▼

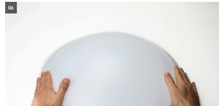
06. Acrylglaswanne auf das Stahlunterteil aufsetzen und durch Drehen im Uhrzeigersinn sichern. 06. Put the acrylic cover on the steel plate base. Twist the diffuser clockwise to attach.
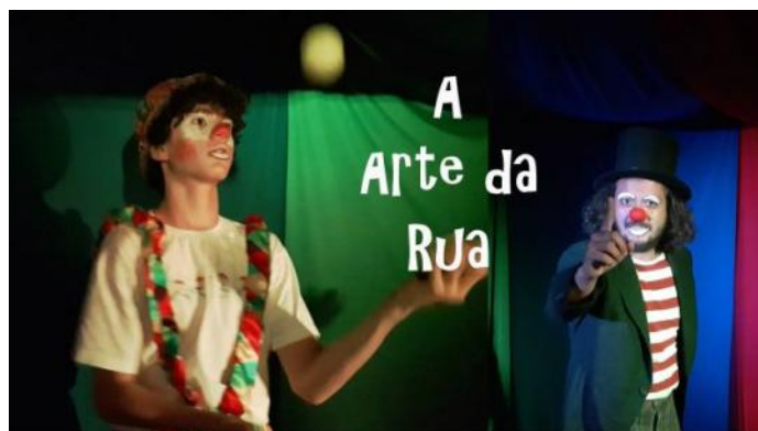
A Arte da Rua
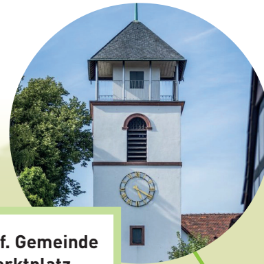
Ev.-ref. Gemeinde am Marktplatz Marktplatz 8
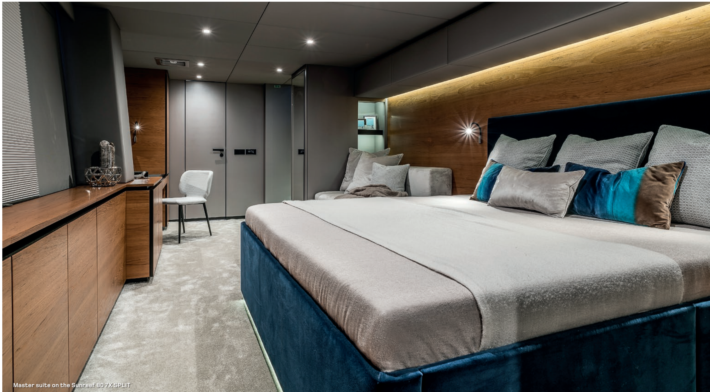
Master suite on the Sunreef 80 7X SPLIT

▲
▼

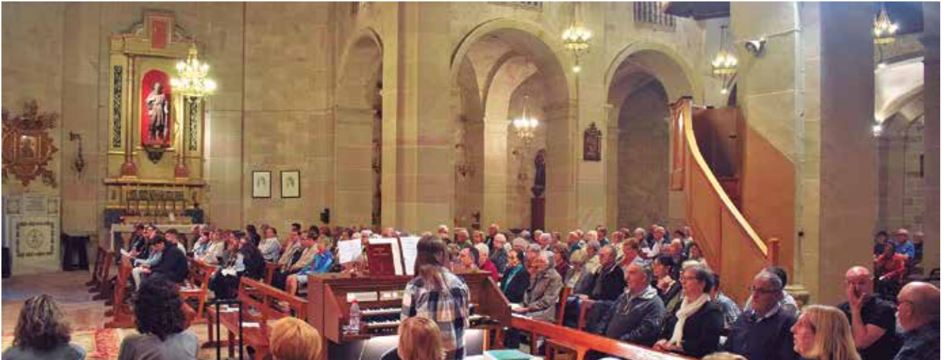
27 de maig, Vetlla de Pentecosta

▲
▼

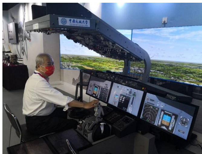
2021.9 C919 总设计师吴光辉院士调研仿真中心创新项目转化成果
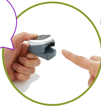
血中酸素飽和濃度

▲

### [AIM OF THE TASK]
Keep to the lines above from the line with "Ev.-ref. Gemeinde am Marktplatz Marktplatz 8" to the line with "Master suite on the Sunreef 80 7X SPLIT", and set down exactly those, inclusive, with nothing else and every picture left out.

### [EXERCISE RESULT]
Ev.-ref. Gemeinde am Marktplatz Marktplatz 8
Master suite on the Sunreef 80 7X SPLIT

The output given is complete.